Abstract
Inflammation is a crucial defense mechanism that protects the body from the devastating effects of invading pathogens. However, an unrestrained inflammatory reaction may result in systemic manifestations with dire consequences to the host. The extent of activation of the inflammatory response is tightly regulated through immunological and neural pathways. Previously, we demonstrated that cholinergic stimulation confers enhanced protection in experimental animals orally infected with virulent Salmonella enterica serovar Typhimurium. In this study, we investigated the mechanism by which this enhanced protection takes place. Cholinergic stimulation was induced by a 3-week pretreatment with paraoxon, a highly specific acetylcholinesterase (AChE) inhibitor. This treatment enhanced host survival following oral-route infection and this correlated with significantly reduced bacterial load in systemic target organs. Enhanced protection was not due to increased gut motility or rapid bacterial clearance from the gastrointestinal tract. Moreover, protection against bacterial infection was not evident when the animals were infected systemically, suggesting that acetylcholine-mediated protective effect was mostly confined to the gut mucosal tissue. In vivo imaging demonstrated a more localized infection and delay in bacterial dissemination into systemic organs in mice pretreated with paraoxon. Morphological analysis of the small intestine (ileum) showed that AChE inhibition induced the degranulation of goblet cells and Paneth cells, two specialized secretory cells involved in innate immunity. Our findings demonstrate a crucial pathway between neural and immune systems that acts at the mucosal interface to protect the host against oral pathogens.
Highlights
Various animal models have elucidated direct interplay between immune and nervous systems in controlling inflammation
Acetylcholinesterase is an enzyme responsible for terminating the action of the neurotransmitter acetylcholine. Inhibition of this enzyme leads to an increase or accumulation of ACh in the synaptic clefts, inducing a cholinergic stimulation that is widely used for the treatment of neurodegenerative diseases such as Alzheimer’s and myasthenia gravis [45, 46]

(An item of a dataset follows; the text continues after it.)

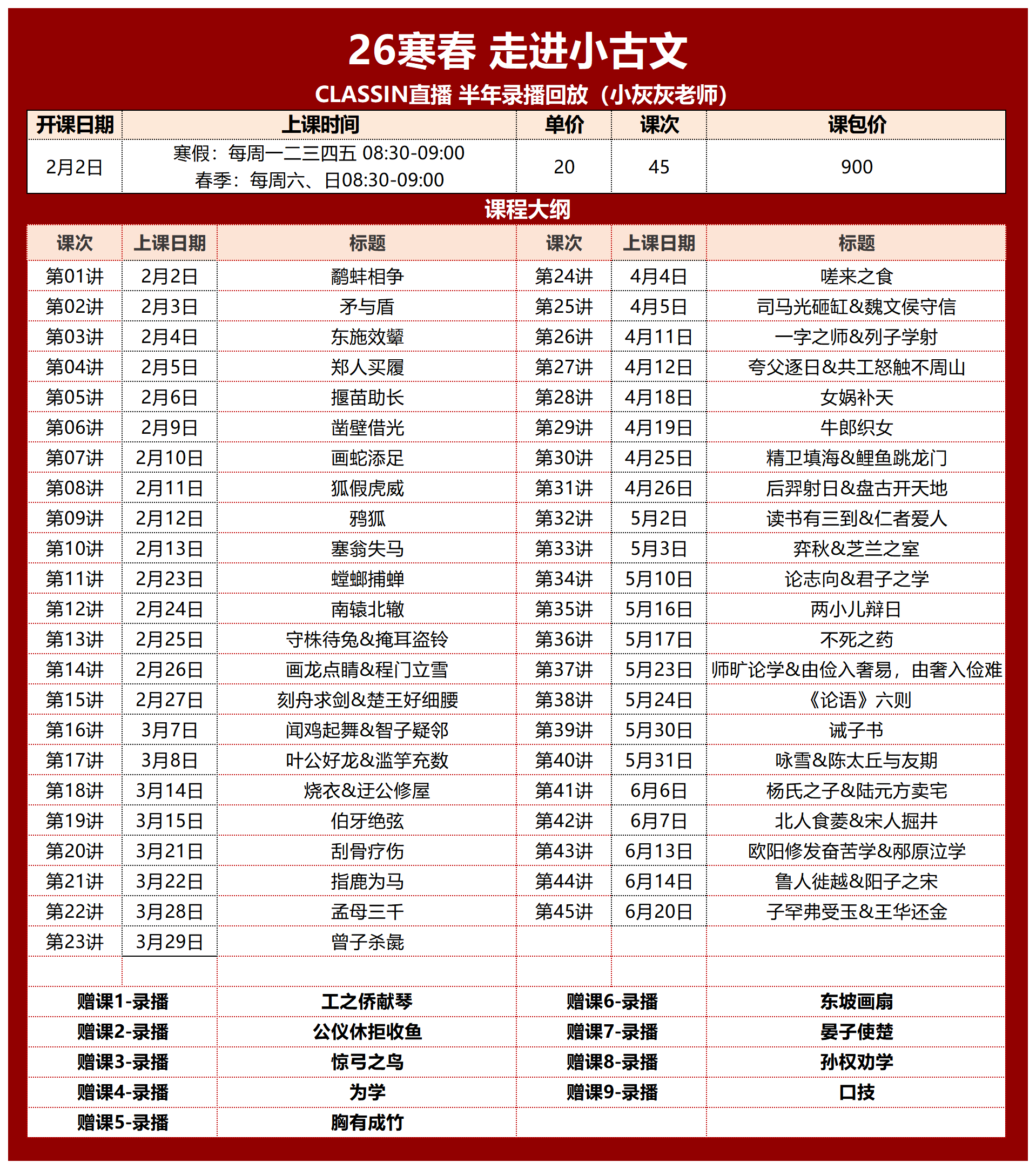 一共45讲 20元/30分钟/讲,课包900

Cholinergic stimulation by AChE inhibitors can modulate the immune response to autoantigens in different animal models of diabetes [24, 47]
Summary
Various animal models have elucidated direct interplay between immune and nervous systems in controlling inflammation. The physiological mechanism through which the vagus nerve controls the immune response to inflammation has been named the inflammatory reflex” [1, 2]. PC are present in the crypts of Lieberkuhn, in the distal part of the small intestine, and are rich in secretory granules containing microbicidal peptides and proteins such as lysozyme, phospholipase A, cryptdins, cryptdin-related sequence peptides (CRS), and angiogenin-4 (Ang-4). These factors contribute to intestinal innate immunity by bacterial sequestering and limiting pathogen penetration and dissemination [5, 6]. Immune cells (macrophages and DC) located between the epithelial cells of the mucosal barrier recognize trespassing pathogens as foreigners and produce inflammatory cytokines and chemokines to recruit immune cells to the site of injury [7]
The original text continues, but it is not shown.